№1, 1992/Тоталитаризм и культура

Тоталитарность и соборность: два лика русской культуры

Проблема, сформулированная в заглавии, изначально нуждается не только в обосновании, но и, так сказать, в «оправдании». Дело не только в реальной неподъемности заявленной проблемы (с позиций строгого академизма, даже ее постановка, может быть, слишком поспешна и слишком преждевременна).

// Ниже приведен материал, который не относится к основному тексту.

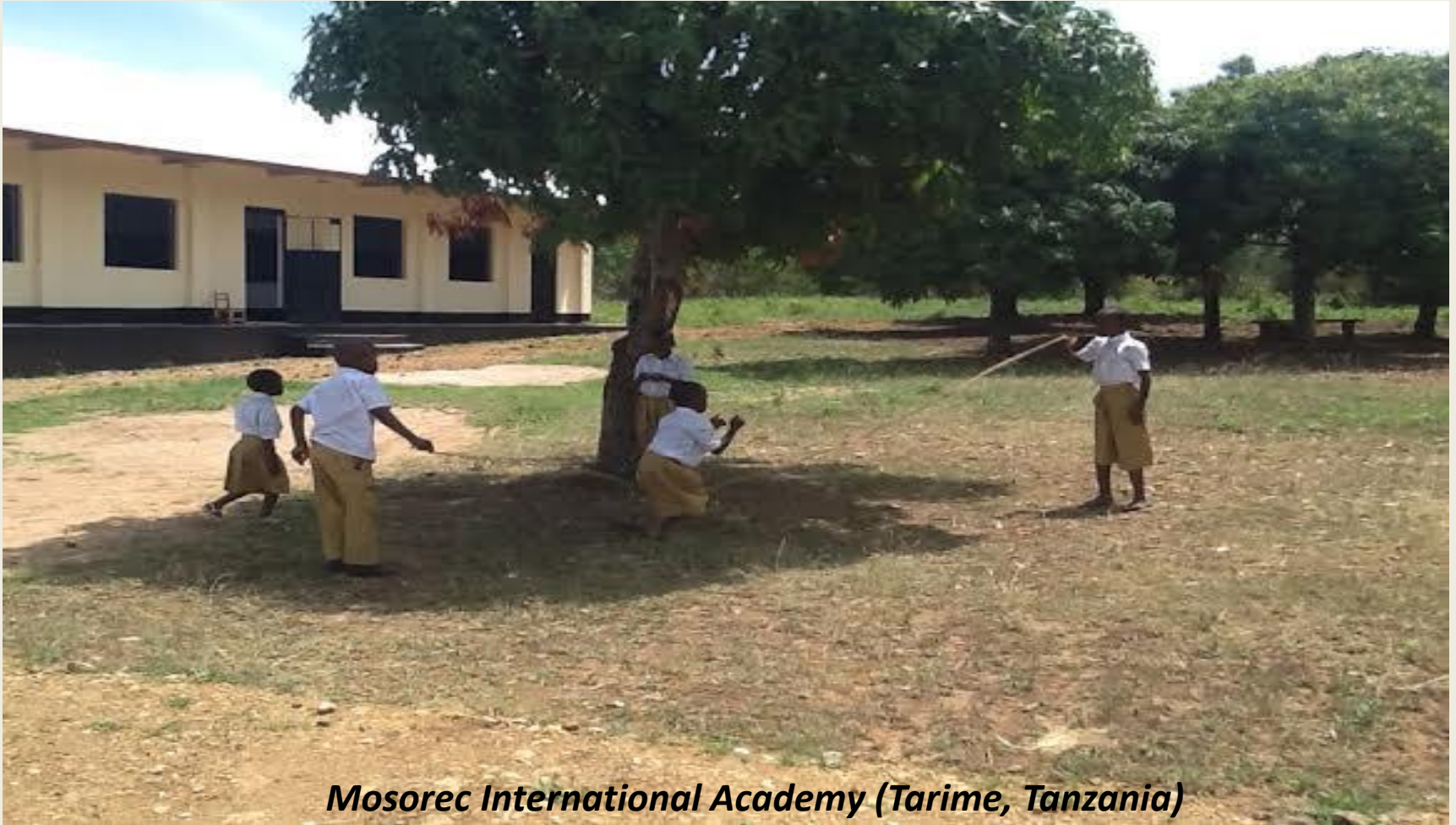
Mosorec International Academy (Tarime, Tanzania)

В поляризованном сознании нашего общества оба первых слова, прилагаемые к русской культуре (как, впрочем, и к русской истории), не просто решительно не нейтральны, но и аксиологически окрашены совершенно противоположным образом. Нисколько не утрируя, можно утверждать, что для одних наших соотечественников соборность русской культуры является лишь синонимом ее врожденного тоталитаризма (либо по крайней мере еще одним кирпичиком в тоталитарной ее твердыне, которую можно и должно сломать – хотя бы для блага остального человеческого сообщества). Для других же само употребление понятия тоталитарности по отношению к культуре России является изначально предвзятым методологическим приемом (в лучшем случае некорректной экстраполяцией).

В первом случае акцентируется как бы самоочевидное подавление свободы личного «я» двумя родственными сверхличными силами, во втором – постулируется априорный приоритет «общего дела» перед личным индивидуалистическим началом.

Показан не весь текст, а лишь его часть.